PROJECT SUMMARY/ABSTRACT
Chronic myeloid leukemia (CML) is a myeloproliferative neoplasm diagnosed in about 5,000 Americans
each year, characterized by the presence of the t(9;22) Philadelphia chromosome and its protein product, the
BCR-ABL1 tyrosine kinase, in the leukemic cells. Current therapy for CML is centered on tyrosine kinase
inhibitors (TKIs) such as imatinib mesylate, which can induce cytogenetic and molecular remissions in most
patients, who then enjoy normal age-adjusted life expectancy. This clinical success will lead to an estimated
prevalence of ~200,000 CML patients in the U.S. by the year 2050, with attendant drug costs of >$10 billion that
can include burdensome out-of-pocket payments for patients. In addition, TKIs can have substantial side effects,
some of which are potentially life-threatening. Accordingly, recent efforts have been made to stop TKI therapy in
CML patients who have achieved molecular remission. About half of such patients experience progressive
molecular relapse following TKI stopping, but the other half either remain molecularly undetectable or experience
low-level recurrence that does not progress (collectively termed treatment-free remission or TFR), suggesting
that there are biological mechanisms that limit the ability of small numbers of leukemic stem cells to expand and
cause disease. These mechanisms are not understood, and represent a major unmet need in current CML
research, as we do not have validated approaches to increase the proportion of CML patients who are eligible
to stop their TKI nor to increase the proportion of patients who can maintain TFR.

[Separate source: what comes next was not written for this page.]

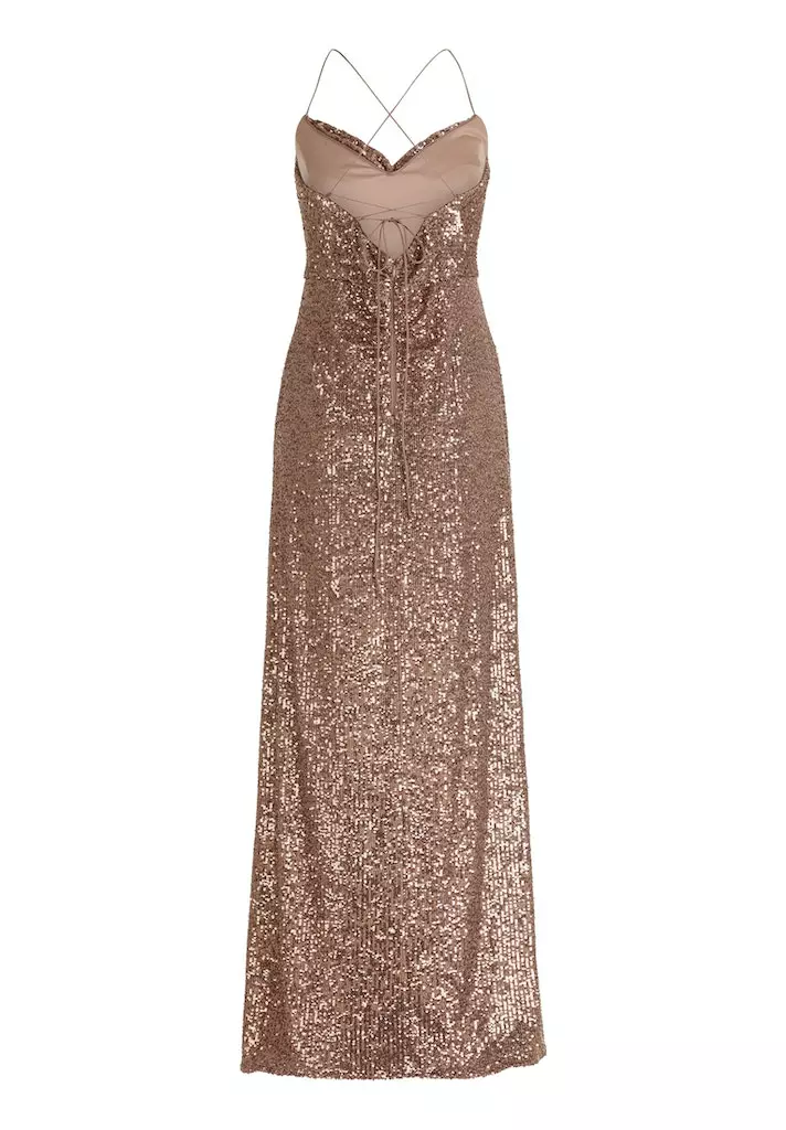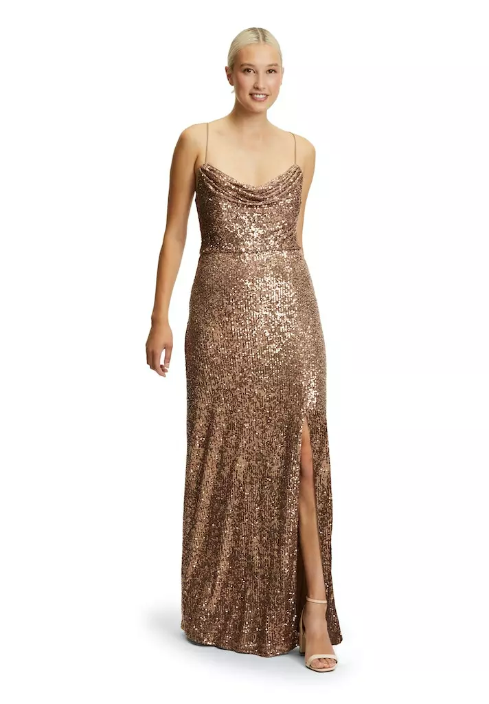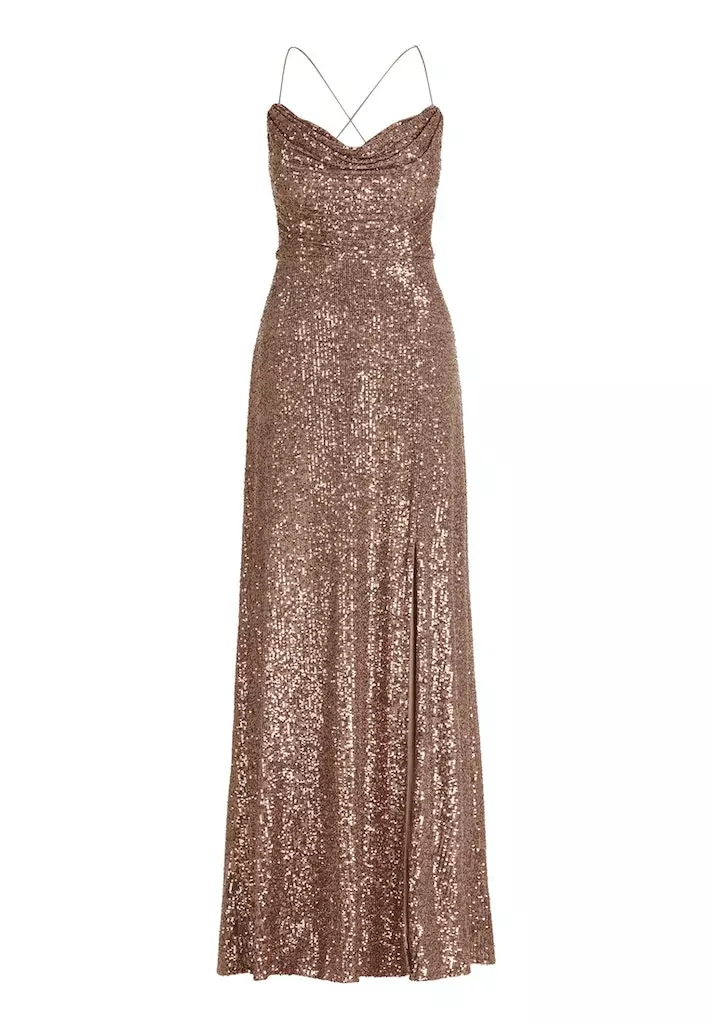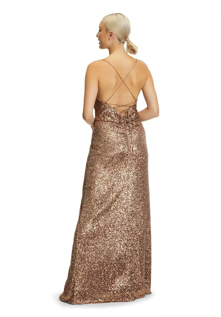 Prachtige avondjurk vol pailleten. It’s time to shine! De stof van deze jurk rekt mee en zit dus als gegoten.
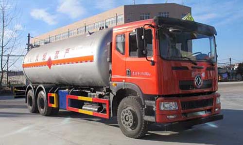 東風后八輪液化氣體運輸車也叫東風液化石油氣(丙烷)運輸車,整車型號:CLW5251GYQD4型液化氣體運輸車,底盤型號:EQ1250GZ4DJ3,該車罐體容積25.3立方米,運輸介質為丙烷,罐體材質為Q345R,整車尺寸:10720×2470×3420mm,罐體外形尺寸(長度×直徑)(mm):8060×2070;罐體直線段長度為(mm):6920,充裝系數0.42,設計壓力1.61MPa,總質量2500kg,整備質量14240kg,裝載質量10630kg。 標配:單出液、雙側裝卸、雙閥門箱、雙工具箱、安全閥、溫度計、壓力表、緊急切斷閥、滅火瓶、防靜電接地膠帶、鐵制擋泥板、帶ABS。 選配:雙獨立出液、軟管箱改水箱等。

This application seeks to address these unmet needs by exploiting a newly developed CML mouse model
of TFR. In this model, hematopoietic stem cells (HSCs) from an existing conditional double transgenic (dTg)
mouse model of CML are transplanted into recipient congenic B6 mice without the use of conditioning radiation.
The resulting bone marrow (BM) chimeras contain clones of dTg HSC in a background of normal BM,
representing a physiological model of early CML. Mice bearing large (>10%) clones of dTg HSC uniformly
develop CML-like leukemia when BCR-ABL1 expression is induced, but mice with smaller (<2%) dTg clones do
not develop CML, but instead exhibit fluctuating low levels of dTg granulocytes in peripheral blood that mimics
TFR. The proposed project will test whether two distinct processes, oncogene-induced replicative stress and the
BM microenvironment/niche, are involved in the ability of the host to control the malignancy. Aim 1 will test
whether oncogene-induced replicative stress is involved by a incorporating loss-of-function mutation in the p19Arf
gene in the dTg donor cells. Aim 2 will test whether elements of the BM niche, including immune cells and
cytokines, are required for disease control. Aim 3 will translate these findings to human CML BM samples using
the spatial mass cytometry to define the topography of the CML niche and correlate this with TFR outcomes.
These results will yield important new knowledge about the pathophysiology of TFR that should motivate novel
therapeutic approaches to increase the frequency and durability of TFR in CML patients.